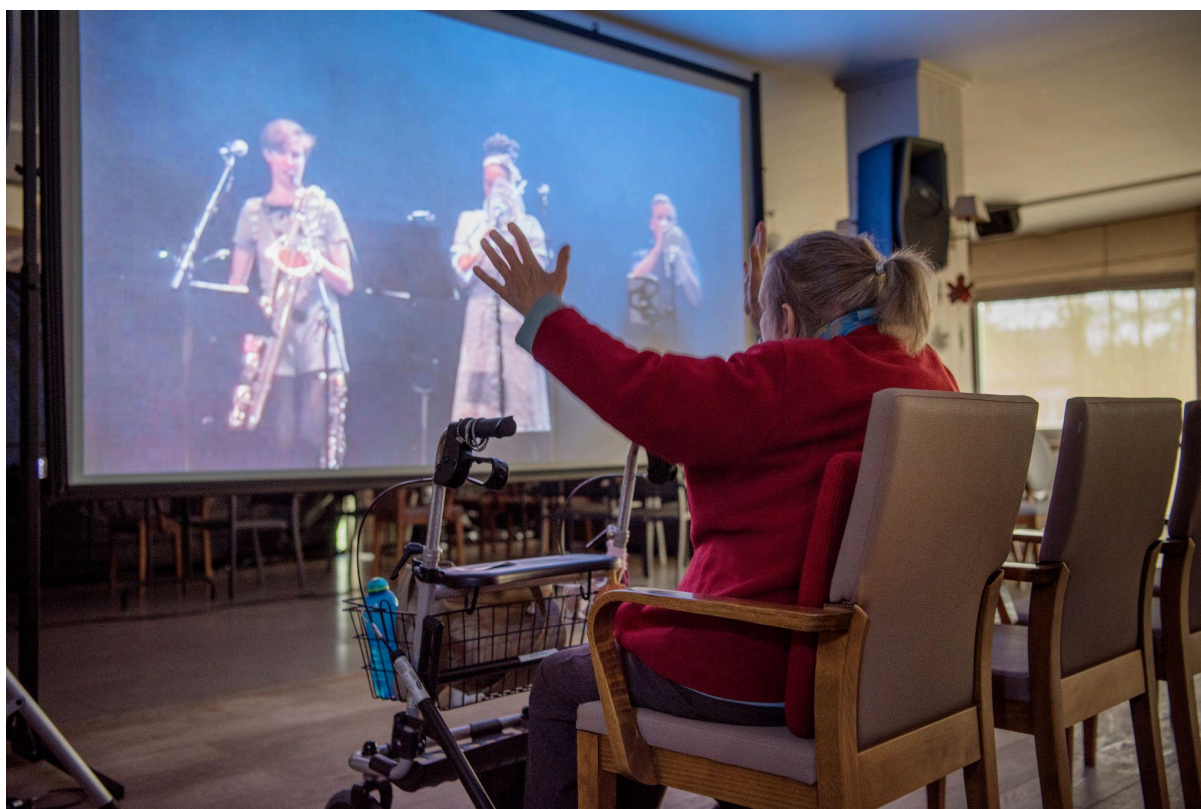
Livestream naar zorgcentra
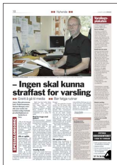
FAKSIMILE: Sogn Avis 29. mai
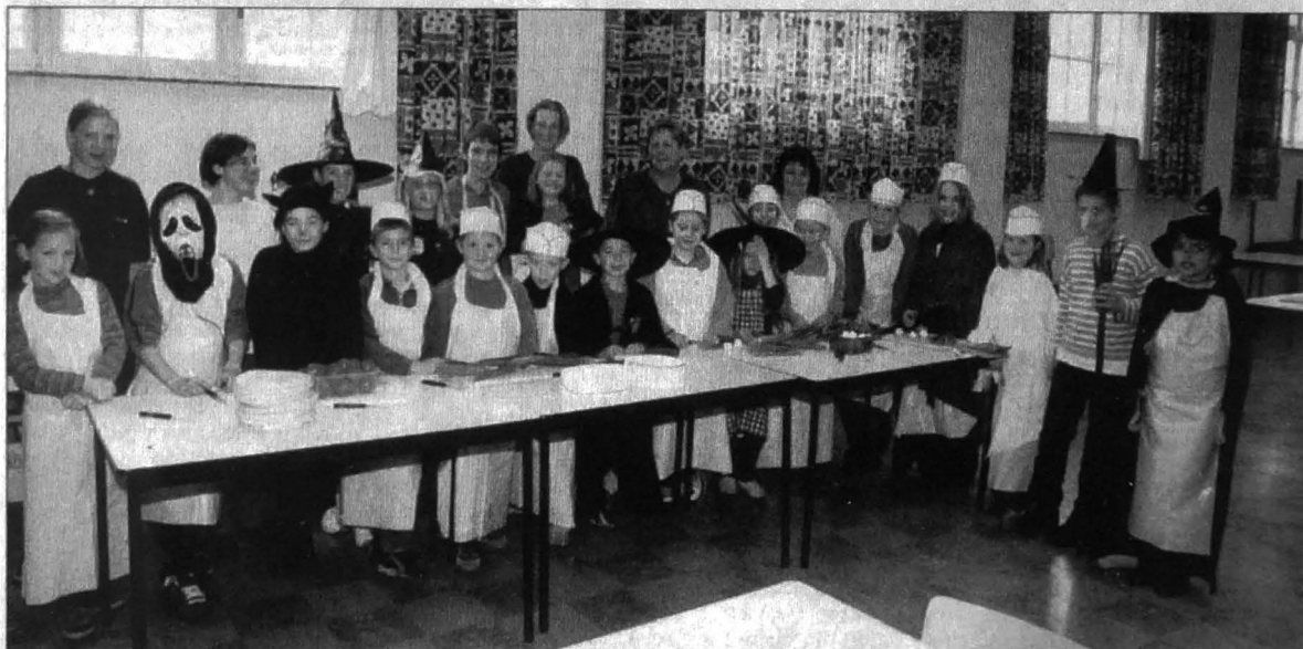
Vorige week donderdag organiseerde Gezinsbond Sint-Kruis een Halloweenkooknamiddag voor kinderen in de feestzaal van parochiecentrum 't Couvent in Male. Heel wat spoken, geesten en heksen kwamen in potten en pannen roeren en bereidden onder de deskundige leiding van enkele moeders een lekker etentje. Tijdens die leuke namiddag maakten de griezels ook even tijd voor een foto...

* Heksenbrouwsel en addergebroed op het menu ( Brugs handelsblad , 8.11.2002)

The problem: Only the lines from the one containing "Vorige week donderdag" through the last line above belong in your answer. Retype them exactly.

Answer to the problem:
Vorige week donderdag organiseerde Gezinsbond Sint-Kruis een Halloweenkooknamiddag voor kinderen in de feestzaal van parochiecentrum 't Couvent in Male. Heel wat spoken, geesten en heksen kwamen in potten en pannen roeren en bereidden onder de deskundige leiding van enkele moeders een lekker etentje. Tijdens die leuke namiddag maakten de griezels ook even tijd voor een foto...

* Heksenbrouwsel en addergebroed op het menu ( Brugs handelsblad , 8.11.2002)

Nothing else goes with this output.